New RSO focuses on helping the Delta

By: Taniah Tudor

Posted: 4/30/08

Students and faculty can help retain the heritage of the Arkansas Delta and rebuild its future through a new Registered Student Organization, said Krista Jones, president of the Advocates for the Arkansas Delta.

The mission statement for AAD is that it's a student-based, nonprofit organization dedicated to building outreach activities directed toward the people, culture and heritage of the Arkansas Delta by preserving the past, enriching the present and shaping the future, Jones said.

Those collaborating on the RSO thought it would function as a forum for people to talk about or participate in projects going on in the Delta, promote regional activities and discuss strategies to overcome economic, social and racial divides that exist in the Delta, Jones said.

"We are starting the RSO now so that we can have funding in the fall," she said.

AAD consists of David Jolliffe, Brown Chair in English literacy, as the primary adviser; Anne Raines, associate director of the Enhanced Learning Center, as the secondary adviser; Jones as president; Chet Cornell as vice president; Laine Gates, project assistant of the Arkansas Delta Oral History Project, as treasurer; and Tiffany Jackson as secretary.

"Members won't be penalized for missing a meeting, like in other RSOs," Jones said. "It's an offer your time when you can spare it sort of thing."

Membership requirements are the same as in ASG, Jones said, but AAD will allow faculty honorary membership.

Faculty who have shown interest are Felisha Perrodin, assistant director of community engagement; Carolyne Garcia, member of Crossroads Coalition and assistant director of the UA Economic Development Institute; and Otto Loewer, member of Crossroads Coalition, professor and director of the UA Economic Development Institute.

Jones said the idea for AAD stemmed from the Arkansas Delta Oral History Project, a service-learning class of which she is the co-director.

The RSO is a way for those who might not want to take the class, which is an honors colloquium, to still be involved, she said.

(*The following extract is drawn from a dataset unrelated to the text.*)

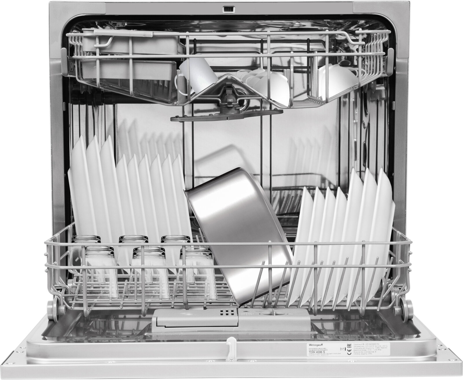 Купить Настольная посудомоечная машина Weissgauff TDW 4006 S З года гарантии, 8 комплектов, 7 программ, Электронное управление, Быстрая мойка 30 мин, Индикация работы, Таймер, Дозагрузка посуды

Jolliffe founded the ADOHP by first forming writing groups that paired UA graduate students with teachers and students from six high schools in the Delta, according to a press release. The project uncovered some of the oral histories from the Delta and then recorded them, and producing plays, readings, narratives and videos.

"I picked the Delta because that is an area where issues in literacy are challenging," Jolliffe said in the press release. "We were also able to give students there a real look at what coursework would be like if they came to the UA when they finished high school."

There also has been optimistic discussion from Jolliffe about starting a living-learning community, Jones said.

This community would be a first-year experience for UA students from the Delta in which they would live together in one dorm and take core classes together to help them integrate into the Northwest Arkansas area, Jones said.